At the same time, the United States works not only with the official authorities with which its embassies and representative offices are accredited, but also supports “investigative journalism to combat authoritarianism” and interacts with the judicial system “to protect democracy and human rights, fight corruption, and hold fair elections " The United States intends to support “civil society, including activists, workers, reform-minded leaders, marginalized groups, incl. LGBT+." However, democracy promotion can also come from the United States training “professional, capable, accountable government security forces.”

In turn, AFRICOM’s official priority areas for the period from 2020 to 2025 are:

- countering narratives from America’s strategic competitors - China and Russia;

— weakening and reducing the potential of extremist organizations in the countries of the Sahara-Sahel zone and the Maghreb, countering the terrorist group Al-Qaeda in the Islamic Maghreb, as well as “containing instability in Libya”;

— containing and weakening the terrorist group Boko Haram;

— suppression of illegal activities and reduction of threats in the Gulf of Guinea and Central Africa in cooperation with identified partners;

— neutralizing the terrorist organization Al-Shabab al-Mujahideen in Somalia and facilitating the process of transferring security responsibilities from the African Union Mission in Somalia to the local government.


The current commander of AFRICOM, 60-year-old General Michael Langley, was appointed to his post by executive order of US President Joe Biden in June 2022. Langley is the first black Marine to become a four-star general in the U.S. Army. He served in Afghanistan, Somalia and Okinawa, and served in several senior positions at the Pentagon and Military Central Command, which oversees operations in the Middle East. In his public statements, Langley is clear about his priorities:

“The most long-term strategic threat to the United States in Africa is not terrorism. The biggest threat to the United States in Africa is China. Not only for security reasons, but also because of economic competition,” Langley stated publicly.

It is also important, he said, to pay attention to the Kremlin, which is using Wagner PMCs to “fuel instability” and “turn chaos into money.”

PS. It is worth noting that over the past month, the Mali army, with the support of the Wagner PMC, has liberated more than 15 cities, towns and military bases from French-backed militants in northern Mali. After the failure of plans to organize an intervention in Niger, France is increasingly relying on supporting various militants in order to destabilize countries that have fallen out of its sphere of influence.

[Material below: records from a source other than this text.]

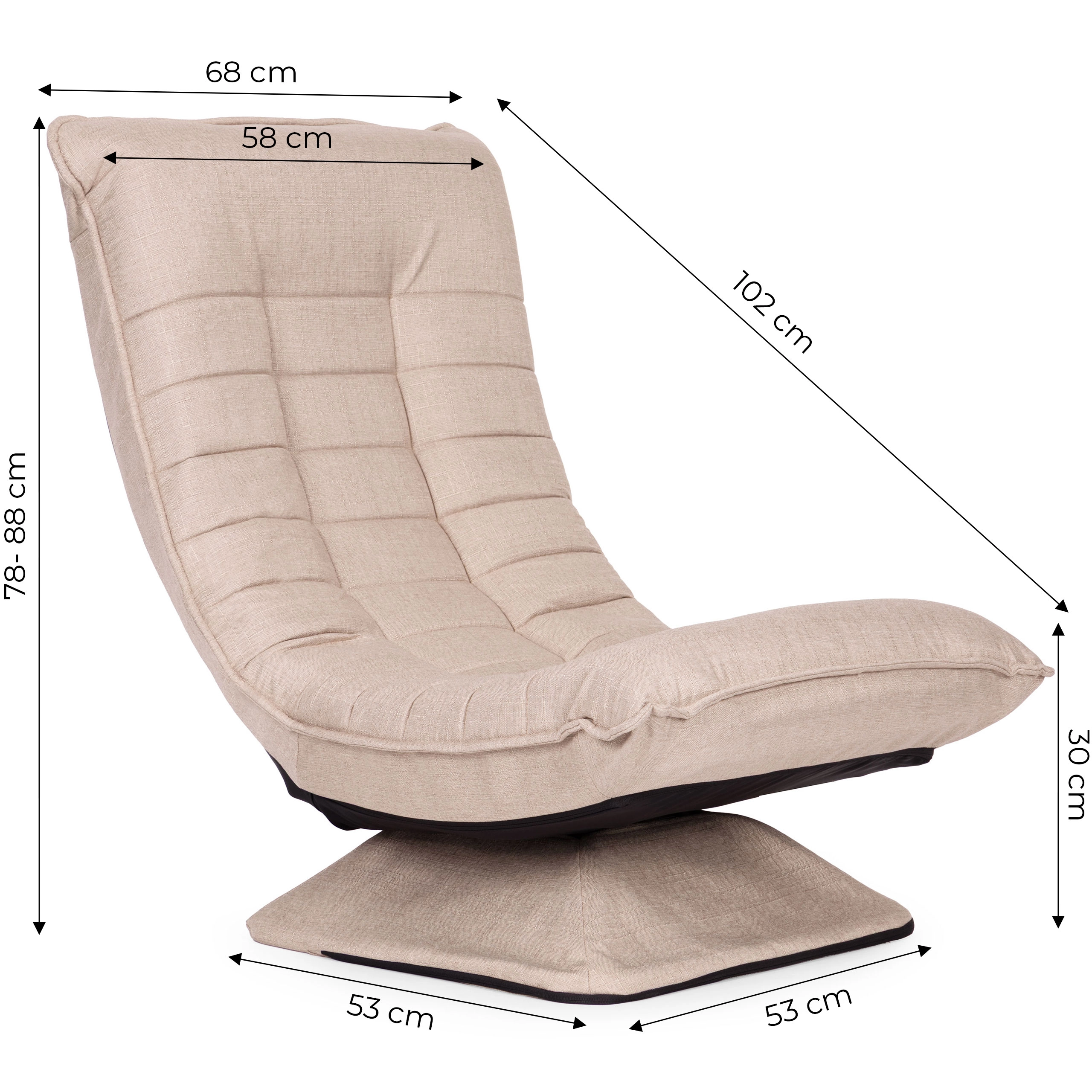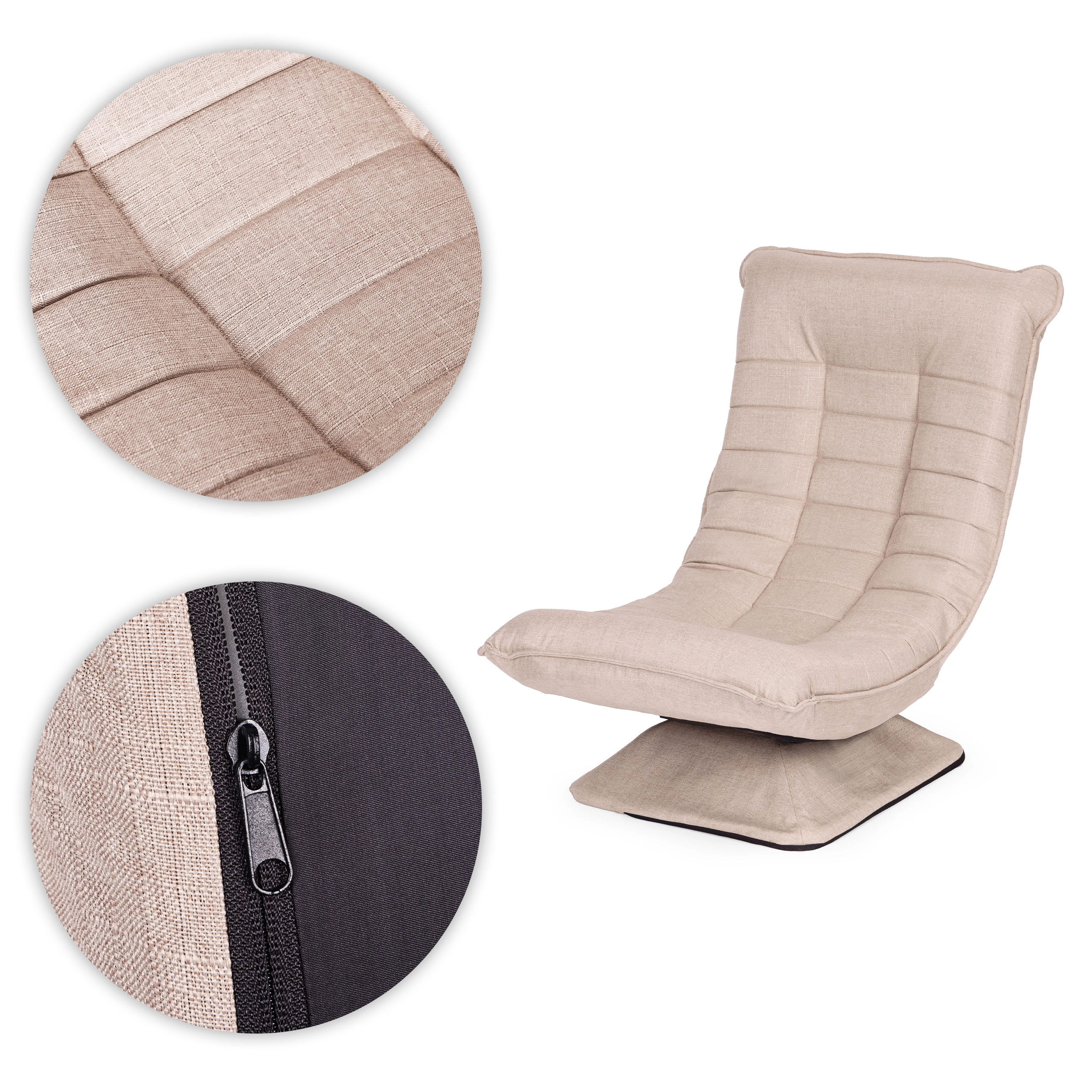 Dankzij de 360°-draaiing geniet je van bewegingsvrijheid, terwijl je met 4 kantelhoeken snel aanpast aan je activiteit – van geconcentreerd zitten tot ontspannen loungen. De afneembare hoes met rits van linnen stof is wasbaar tot 30 °C, waardoor het onderhoud eenvoudig is en de stoel lang als nieuw blijft.
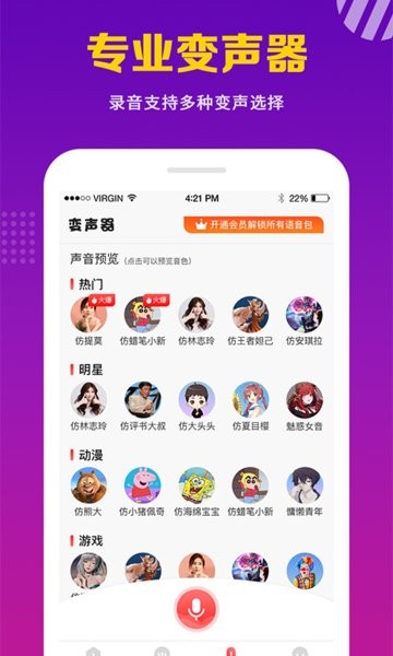 支持在线变声聊天,恶搞整人无穷乐趣。还可以轻松交友,还能保持神秘感。
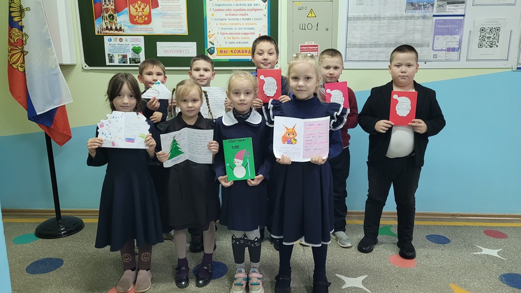 В МБОУ "Чуваштимяшская ООШ" Ибресинского муниципального округа Чувашской Республики в рамках патриотической акции «Новогодняя открытка солдату СВО» учащиеся начальных классов изготовили новогодние открытки и письма для участников СВО с поздравлениями и пожеланиями крепкого здоровья и скорейшего возвращения домой.
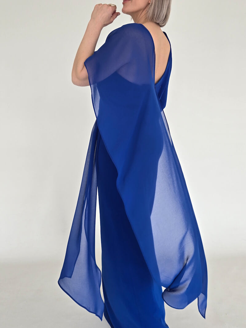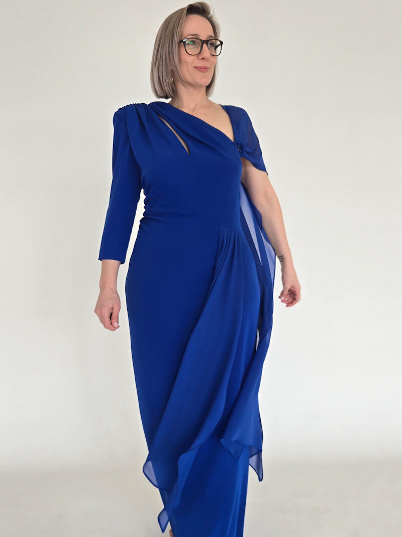 A cor azul, símbolo de serenidade e profundidade, e o decote irregular que desafia o comum, são um lembrete de que a sua diferença é o seu maior trunfo. Este vestido de cerimónia é a ferramenta para assumir o seu lugar com confiança e para criar memórias inesquecíveis, transformando a hesitação em certeza de que a sua presença é inconfundível.
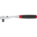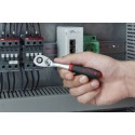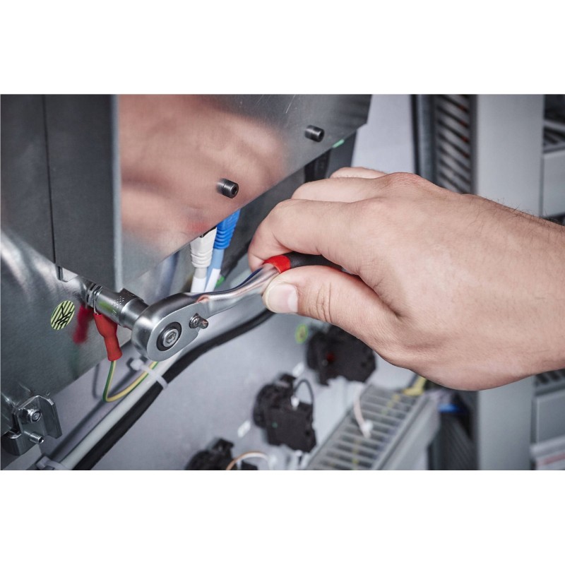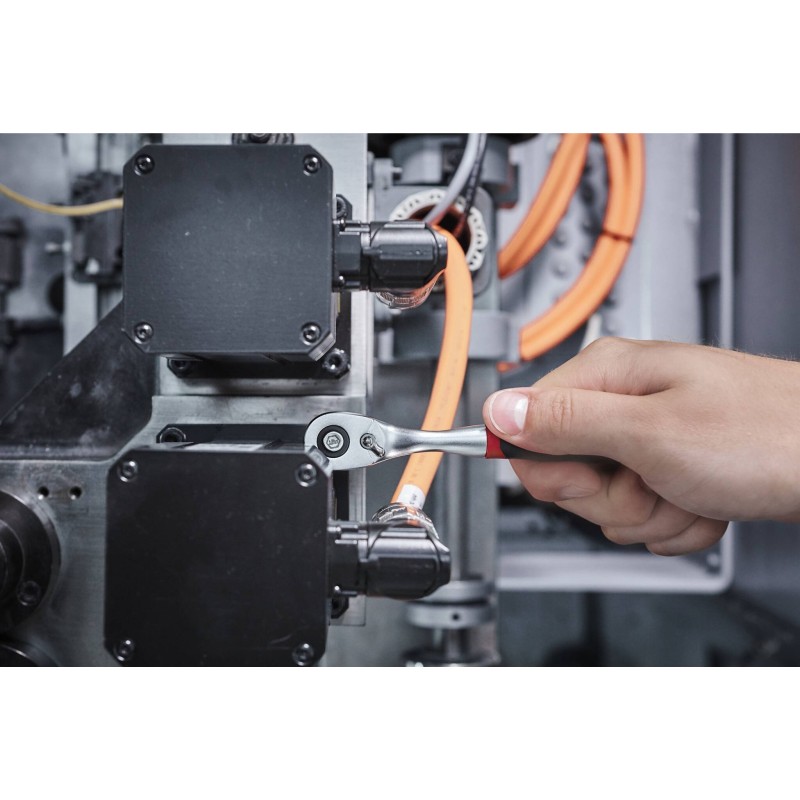 Wiha przełączalna grzechotka z przyciskiem i zabezpieczeniem kulkowym umożliwia łatwe otwieranie i zamykanie połączeń śrubowych. Wygodna praca przy użyciu dwustronnego uchwytu i precyzyjnie zazębionej grzechotki z 72 zębami i małym kątem ruchu powrotnego wynoszącym 5°. Wytrzymała i niezawodna konstrukcja wykonana z wysokiej jakości stali chromowo-wanadowej zapewnia bezpieczne i precyzyjne dokręcanie śrub. Przełączanie obrótów w prawo i w lewo jest proste dzięki dźwigni przełączającej.

PS2. By the way, the site itself https://afrinz.ru/category/news/ , which took off on hype after the recent African Forum, is really not bad, there is a lot of different information on African affairs. Previously, it was necessary mainly to monitor what was happening through the profile collection on Twitter and selected channels in Telega.

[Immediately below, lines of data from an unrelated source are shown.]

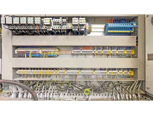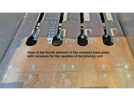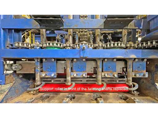 • Démontage de l’unité de binding et de torsion, démontage en pièces individuelles, desserrement de la mécanique, remplacement de tous les roulements à billes à rainures profondes et des roulements axials sur les arbres torsadés, nettoyage et réajustement des lames de fil, graissage et tension des chaînes
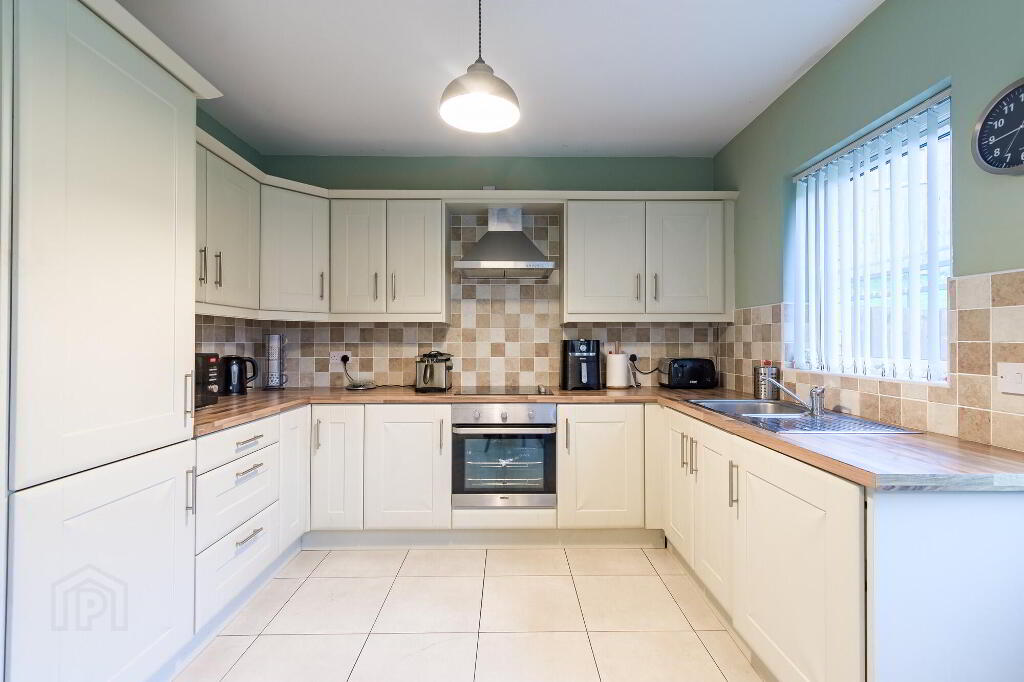 Excellent range of modern cream coloured high & low level kitchen units, stainless steel extractor hood, 4 ring hob, built in oven. 11/2 bowl stainless steel sink unit with mixer tap. Integrated washing machine. Part tiled walls. Tiled floor.
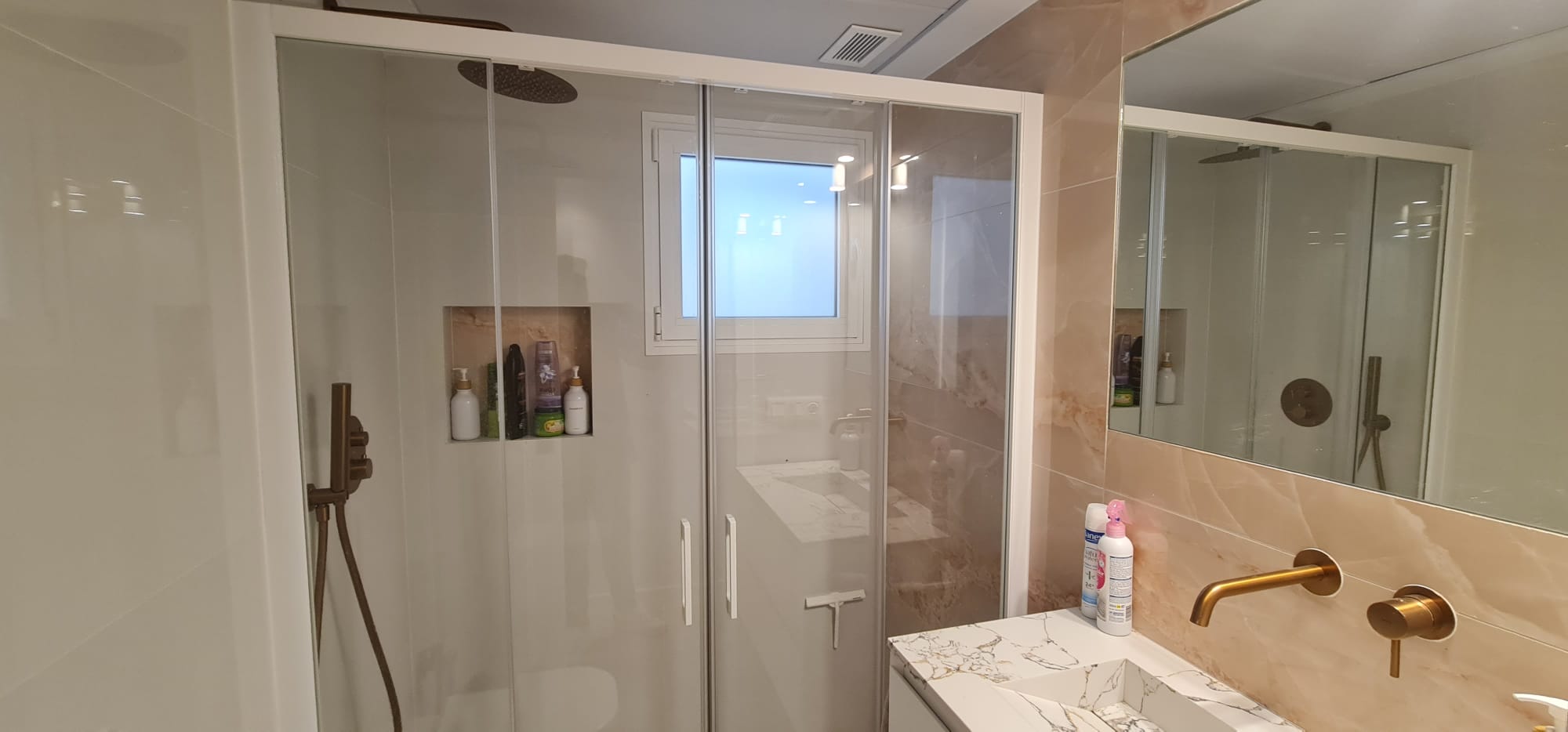 La propiedad destaca por sus excelentes calidades y acabados, incluyendo aire acondicionado centralizado que garantiza un ambiente agradable durante todo el año. Además, los armarios empotrados ofrecen un amplio espacio de almacenamiento, mientras que las ventanas de climalit aseguran un aislamiento óptimo.
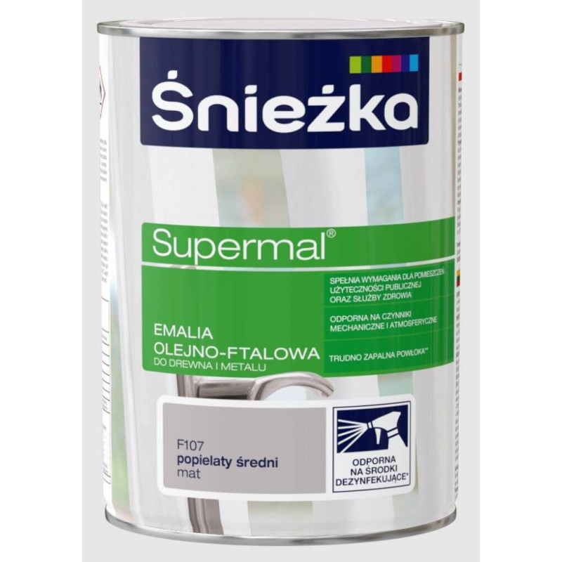Emalia Olejno-Ftalowa Supermal Popielaty Średni MAT 0.8L Śnieżka

PS3. By the way, Pushkin reached the Congo.

In the capital of the country, with the help of specialists from Voronezh, they have now established the process of education in Russian. The local population is taught the Russian language, history, culture and geography of Russia.


Posted by:badanov

#5  I have been told the difference between African restaurants in the USA and the ones in Africa is the food.
Posted by: swksvolFF   2023-10-20 18:07  

#4  with us getting the bill

Sure, Herb
Posted by: Frank G   2023-10-20 17:59  

#3  Wot, the Islamic empire in Africa? Tell us more.
Posted by: Ululating Platypus   2023-10-20 17:35  

#2  Empires always crumble because they seize too much territory and the maintenance costs kill them.

But the people paying for it, and the people benefiting from it, are two different groups that don't intersect. Thus it will continue, with us getting the bill.
Posted by: Ulomorong Croting3271   2023-10-20 02:15  

#1  If they didn't have what we gave them, they wouldn't have anything a'tall.